Written by listed counsellor/psychotherapist: Graeme Orr MBACP(Accred), UKRCP Reg. Ind. Counsellor
14th November, 20110 Comments
What is being alone
Greta Garbo said I want to be alone. While most of us know that feeling of wanting to get away from everyday life, loneliness can be an emotional trying experience. At our heart we are social beings and to be separated from others for long periods of time can be overwhelming.
Of course there are degrees of loneliness. One person may literally see no one for weeks on end and another sees a few people but is emotionally isolated from them. However, in both cases they can feel abandoned, isolated and insecure. The feeling can attack our very self-worth and self-belief.
Who feels lonely
In the 1970s it was said that Alfred Worden (Command Module Pilot on Apollo 15) was the loneliest man in the Universe. Because of his position behind the moon for 32 hours he could communicate with no-one on earth or even his fellow astronauts on the moon’s surface. He tried many activities to combat the loneliness yet nothing seems to take it away.

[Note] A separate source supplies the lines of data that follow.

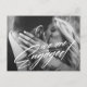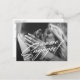 Anuncio de compromiso moderno y elegante en blanco y negro. El diseño presenta una sola foto, tipografía script 'estamos comprometidos' en la parte delantera y su mensaje en la parte trasera. Perfecto para anunciar su gran noticia.
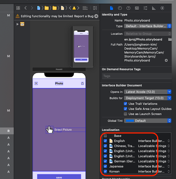 - 파일이 .strings가 아닌 ".storyboard"로 나오는 경우 -> 지역마다 storyboard를 커스텀할 수 있음
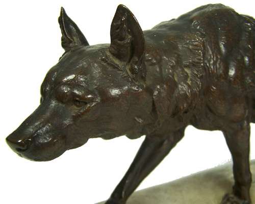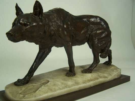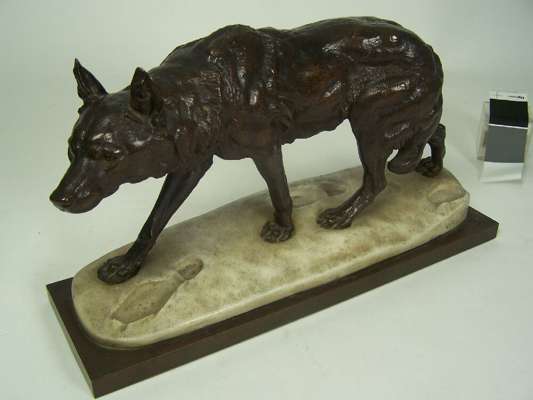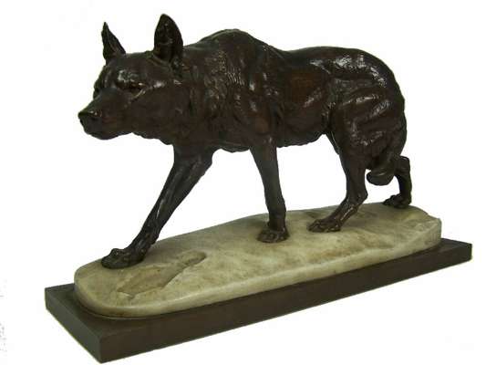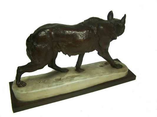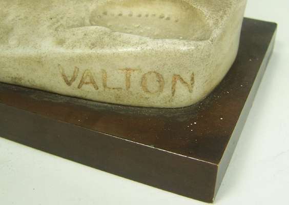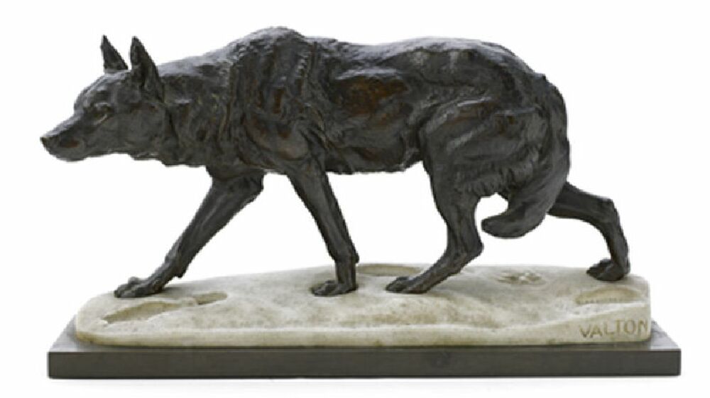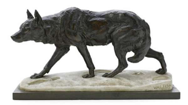 Bronze, the white marble naturalistic base with human footprints in the snow, signed, 'VALTON' on a bronze base

Yet Colonel Worden only had to endure his loneliness his isolation for 32 hours, he could see the end point. Many people in today’s fast moving world have to face loneliness, without a finite end point. Divorces, migration for jobs, or family moving away are all ways in which more of us are living alone. When this is combined with not having friends, or feeling unwelcome in social situations this can lead to and increase the sense of isolation.

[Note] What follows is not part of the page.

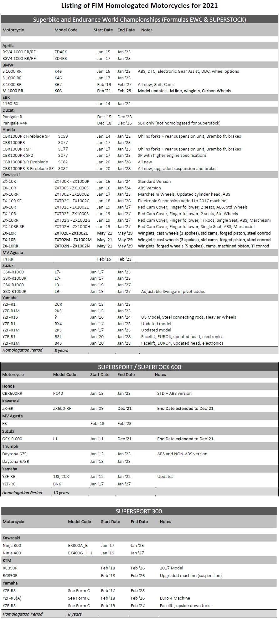 La FIM a publié ce matin la liste de toutes les motos homologuées cette année pour les championnats du monde Superbike, Supersport, Supersport 300 et Endurance.
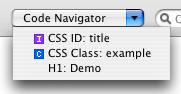 The Code Navigator is a toolbar item that allows you to quickly jump to sections of your code. If the item is not in your toolbar, you can add it by customizing the toolbar via the "View" menu. The Code Navigator searches for regular expressions in your code, and presents them in a menu. You can customize the regular expressions for a specific language in the Languages pref pane.

We would all like to think that we are understood that others see us for the beautiful person that we are. Yet if we do not get that emotional feedback, if we are not valued, we begin to believe that somehow it is all our fault. When describing loneliness often we draw a picture of an elderly person sitting alone in one room of their flat, never visited by anyone –abandoned. Yet increasingly people who have active social lives feel lonely not through a lack of people around them, but through a lack of feeling valued and in emotional contact with them. I have had many clients say to me I was surrounded by people but I have never felt so alone. Often we seem to link feeling lonely with being alone. Yet the evidence suggests that they may be quite different things. Someone who is alone may feel lonely but not all people who feel lonely are alone. It would seem that loneliness is actually about a lack of an emotional connection with others.
So what can you do?
Studies show that those who are lonely often have a poor self-image or self-worth. One of the things that you can do is to start to accept yourself. Others have found relaxation or yoga helps. People seek the help of a counsellor to put things in perspective for them. This self- acceptance of how you feel and what is the real cause allows you to face yourself and perhaps begin to reach out to others.
When you have spent a lot of time alone it can be difficult to go back into company. It might be difficult to decide who to trust or even to decide what to say. It’s important to start small, perhaps have a few topics that you are confident on or have open questions that you can ask others around you.
If you have a hobby perhaps there is a local group or a club you can join, or perhaps you could consider going along to a class to learn a new skill. Many of them are free and held in libraries and local halls. Helping out at a charity or volunteering can be another way of meeting people with whom you can have a shared passion.
Finally you may want to consider counselling. A counsellor should be able to help you take small steps to get away from the negative feelings surrounding loneliness. Many have successfully changed their lives and with effort and support you can change yours too.